** Dataset records follows **

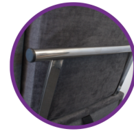
Caregiver push bar.
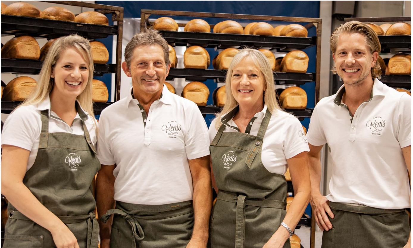
Kenis Bakery started as a family business in 1986.

Passionate bakers known for their delicious breads and pastries, the team at Kenis Bakery, a cherished family-owned bakery based in Belgium faced a challenge during the hot summer months. The existing air treatment system in their production facilities was unable to control the relative humidity, which affected product quality.
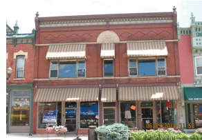
27. THE FOOTE BUILDING 508-10 S STATE STREET 1906;

LOCALLY LISTED IN 2006, THE TWO-STORY COMMERCIAL BUILDING FEATURES LIMESTONE LINTELS, CAST-IRON COLUMNS, A PAINTED-METAL CORNICE AND LARGE DISPLAY WINDOWS.

** End of Dataset records **

* Action item:
Starting from the line that has "Passionate bakers known" and ending at the last line of the material above, every line should be output exactly; pictures are dropped and nothing else appears.

* Result below:
Passionate bakers known for their delicious breads and pastries, the team at Kenis Bakery, a cherished family-owned bakery based in Belgium faced a challenge during the hot summer months. The existing air treatment system in their production facilities was unable to control the relative humidity, which affected product quality.
27. THE FOOTE BUILDING 508-10 S STATE STREET 1906;

LOCALLY LISTED IN 2006, THE TWO-STORY COMMERCIAL BUILDING FEATURES LIMESTONE LINTELS, CAST-IRON COLUMNS, A PAINTED-METAL CORNICE AND LARGE DISPLAY WINDOWS.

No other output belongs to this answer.